Anonymous Monk has asked for the wisdom of the Perl Monks concerning the following question:

Dear Perl Monks, I am currently in the process of writing a custom "diff" utility for comparing two text files field-by-field, for reasons that I will omit here. One thing I need to do is generic equality checking - use "==" for numeric comparisons, and "eq" for strings, since the fields contain different data types, and sometimes have different precision formats e.g. 10.0 vs 10.00. To that end, I created the following subroutine. However, that raised two questions for me: 1. Does this make sense. Is there a better way? 2. Is there a CPAN module out there for doing this type of field-by-field checking (essentially column by column for a particular row)? I searched, but alas could find nothing suitable.
use Scalar::Util(looks_like_number); sub comp { my ($a, $b) = @_; if (looks_like_number($a) && looks_like_number($b)) { return ($a == $b); } else { return ($a eq $b); } }

Replies are listed 'Best First'.
Re: Equality checking for strings AND numbers
by BrowserUk (Patriarch) on Jul 13, 2007 at 00:21 UTC
      Good observation. Most values are integers, but with different precisions. Real numbers SHOULD have the same precisions in these files, and I actually want to detect if they don't i.e. 10 and 10.000000000000001 should be treated as different. If exact comparison on reals becomes and issue, I guess I could use sprintf to compare only the leading decimal places, or do a ratio comparison. Thanks for the heads-up.

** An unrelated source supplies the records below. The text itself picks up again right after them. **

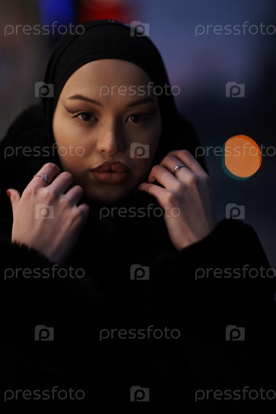 Мусульманка идет по городской улице холодной зимней ночью в хиджабе
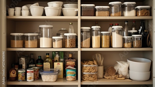 sugar, grocery, kitchen, illustration, pantry, cereal, flour, snack, shelf, cupboard, storage, organisation, supply, food, staple, essential, jar, label, stock, tidy, order, accessible, visible
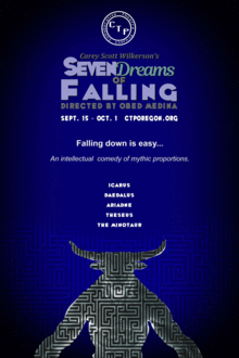 A re-thinking of the Icarus myth. It's late in the post-modern day and Icarus has grown weary of falling out of the sky over and over again. Having decided it's time for a career change, he plots his escape from a cycle of doomed repetition even as family and friends find themselves struggling with the idea of letting go. Can Icarus simply fly out of his own life? And if he can, what does that mean for those he leaves behind: Daedalus, a father for whom rules, rituals and quantum mechanics are sacred; Theseus, a fading hero -- who goes down in history as a monster-slayer; Ariadne, the hero's former flame, the monster's half-sister and Lesbian cultural-critic; and the monster himself, The Minotaur, who holds a secret that could destroy them all...or set them free. It's a comedy of mythic proportions.
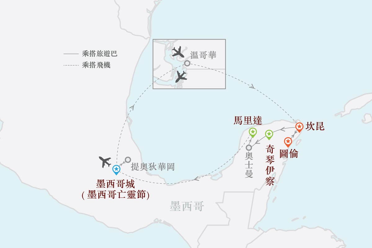 - 充裕時間暢遊著名度假勝地坎昆,盡享加勒比海陽光海灘,拍攝日出風情。

        when comparing numbers, I tend to avoid using == to go for something like:

        sub equality{ my ($a, $b, $eps) = @_; abs( $a-$b ) < $eps ? return 1: return 0; }

        where $eps is the desired precision

        Cheers,

        lin0
Re: Equality checking for strings AND numbers
by syphilis (Archbishop) on Jul 13, 2007 at 02:05 UTC
    Be aware that looks_like_number() returns true for strings like '9e0' and '9', but false for strings like '0x9'.

    I don't know if it has any impact on what you are doing but your comp() subroutine will return true when comparing the numbers 9 and 0x9, will return true when comparing the strings '9e0' and '9', but will return false when comparing the strings '0x9' and '9' (or when comparing the string '0x9' to the number 9).
    use strict; use warnings; use Scalar::Util qw(looks_like_number); my $x1 = '0x9'; my $x2 = 0x9; my $x3 = '9'; my $x4 = '9e0'; my $x5 = 9e0; print "1: ", comp($x1, 9), "\n"; print "2: ", comp($x2, 9), "\n"; print "3: ", comp($x3, 9), "\n"; print "4: ", comp($x4, 9), "\n"; print "5: ", comp($x5, 9), "\n"; sub comp { my ($a, $b) = @_; if (looks_like_number($a) && looks_like_number($b)) { return ($a == $b); } else { return ($a eq $b); } } __END__ Outputs: 1: 2: 1 3: 1 4: 1 5: 1
    Cheers,
    Rob
      Thanks for the warning - all numerical values will be base10, sometimes in scientific format, so the looks_like_number call should work in this case.

      So, looks_like_number only works for base10 (and below) numbers i.e. hexadecimal values with or without a trailing 0x will return false?

      Although, of course not knowing the number base for numerical values will cause all kinds of other problems! ;)
        On another note you could use Algorithm::Diff which would allow you to provide your own matching (or "key generation") function as they call it. This gets over the deficiencies of Text::Diff in only comparing text strings.
        Looking at the Text::Diff module, I noticed the following:
        my $diff = diff \&reader1,\&reader2;
        I assume that this means you can use a subroutine to return the column you need from the input files and then just use Text::Diff to compare.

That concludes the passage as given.